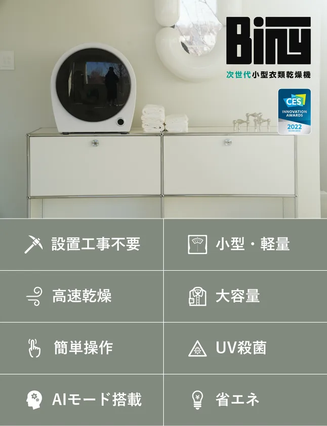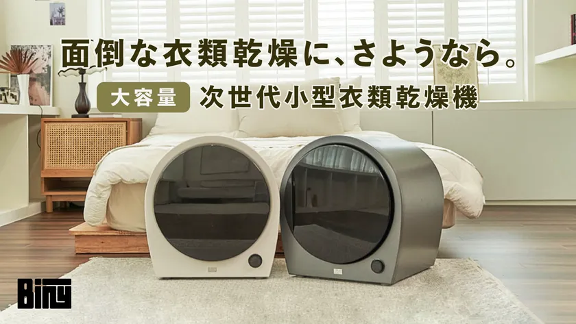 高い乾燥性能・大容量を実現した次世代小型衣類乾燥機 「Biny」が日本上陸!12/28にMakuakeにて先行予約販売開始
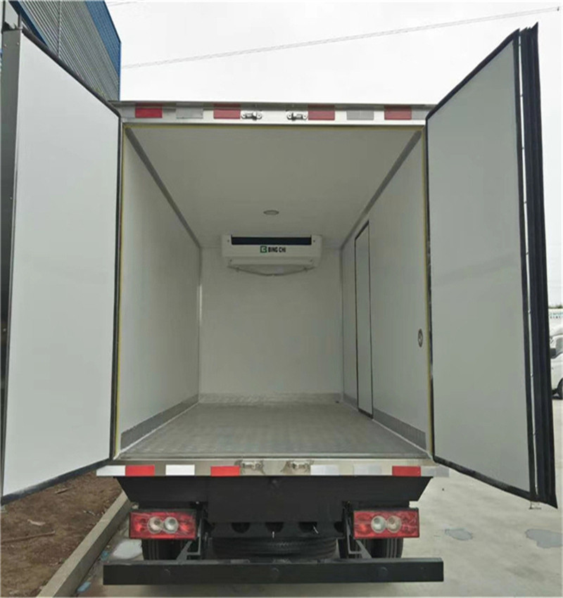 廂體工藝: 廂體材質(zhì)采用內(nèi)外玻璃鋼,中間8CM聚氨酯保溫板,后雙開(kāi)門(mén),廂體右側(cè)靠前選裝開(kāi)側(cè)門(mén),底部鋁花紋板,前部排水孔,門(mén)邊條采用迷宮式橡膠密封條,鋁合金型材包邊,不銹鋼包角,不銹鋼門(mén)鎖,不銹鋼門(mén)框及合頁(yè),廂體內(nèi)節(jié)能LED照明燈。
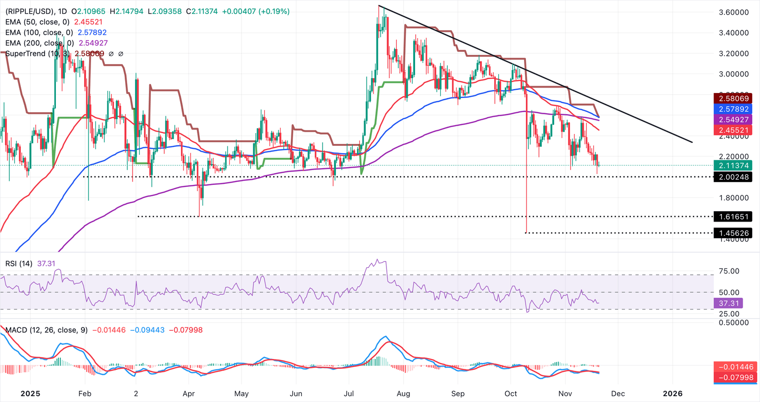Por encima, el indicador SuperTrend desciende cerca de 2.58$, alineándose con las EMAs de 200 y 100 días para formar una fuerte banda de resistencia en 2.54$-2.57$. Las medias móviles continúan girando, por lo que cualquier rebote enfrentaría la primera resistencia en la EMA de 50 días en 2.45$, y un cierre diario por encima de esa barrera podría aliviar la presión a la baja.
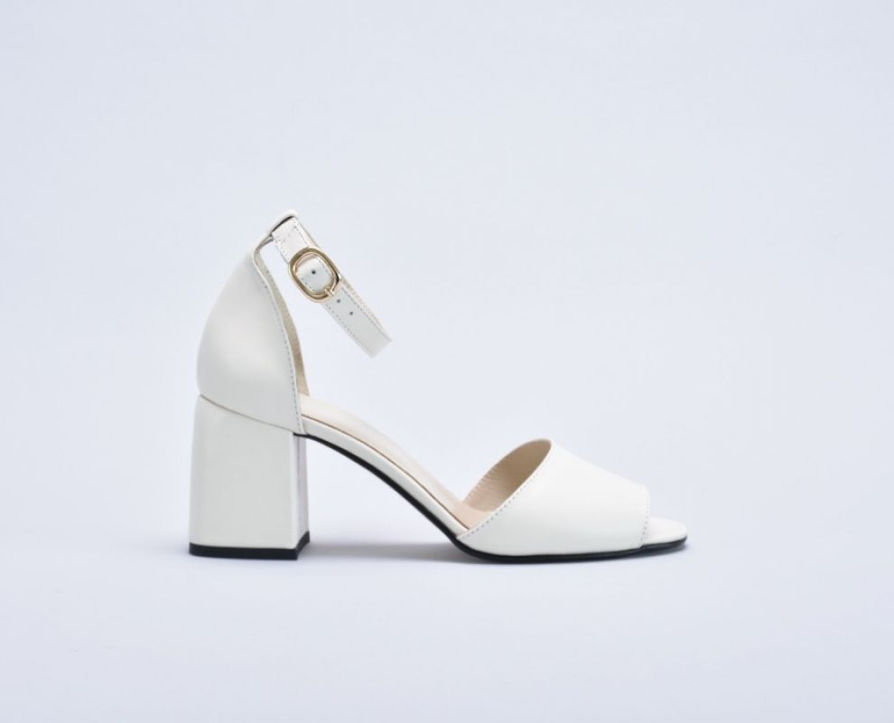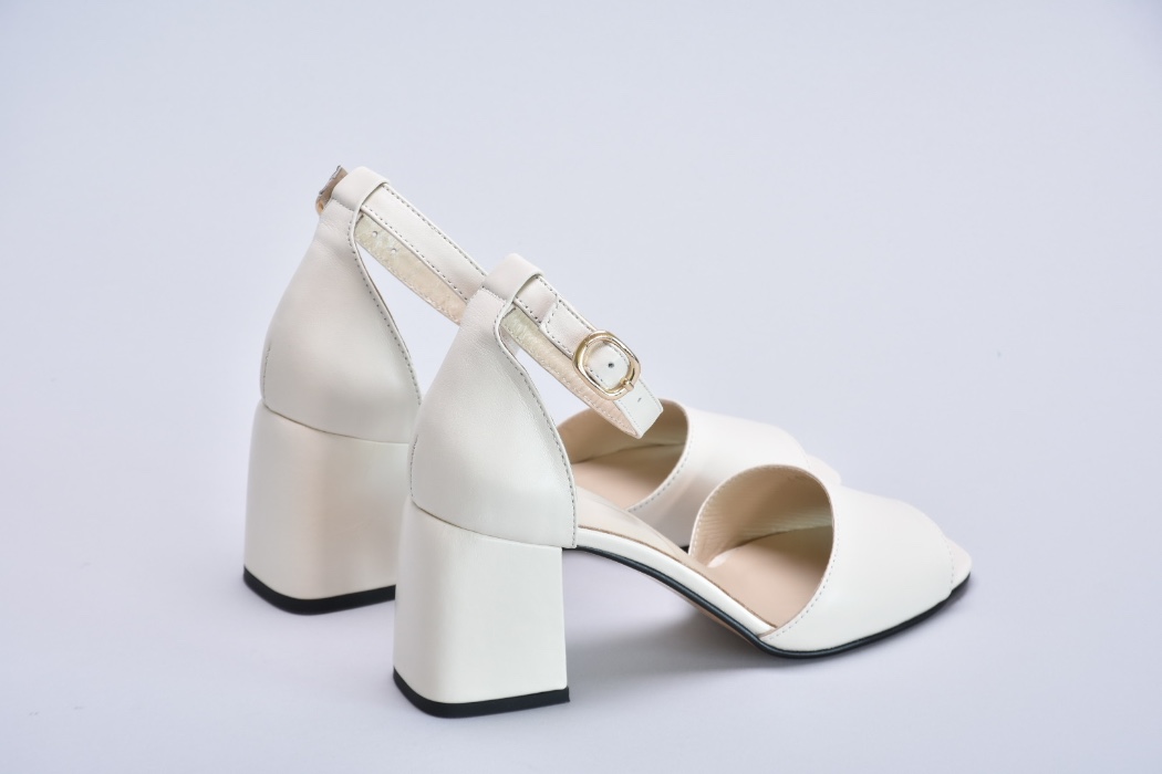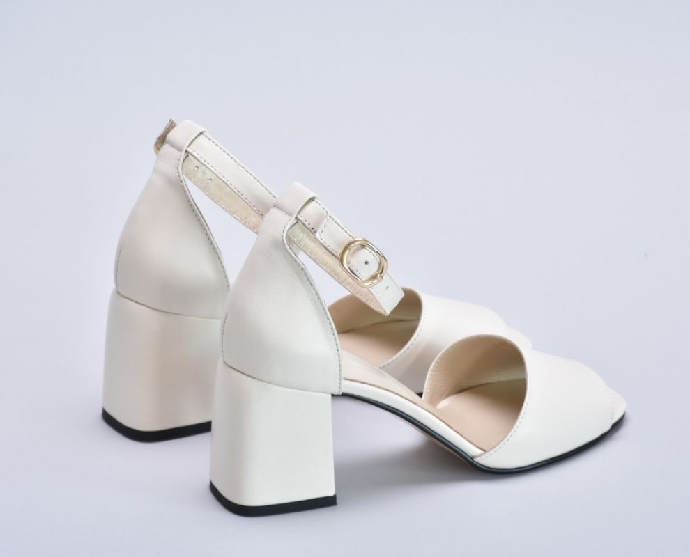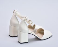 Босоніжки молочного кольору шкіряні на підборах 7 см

» Try it
Copy only this, please: the line with "Por encima, el" and every line after it through the end of the data, with no pictures.

» Answer section
Por encima, el indicador SuperTrend desciende cerca de 2.58$, alineándose con las EMAs de 200 y 100 días para formar una fuerte banda de resistencia en 2.54$-2.57$. Las medias móviles continúan girando, por lo que cualquier rebote enfrentaría la primera resistencia en la EMA de 50 días en 2.45$, y un cierre diario por encima de esa barrera podría aliviar la presión a la baja.
 Босоніжки молочного кольору шкіряні на підборах 7 см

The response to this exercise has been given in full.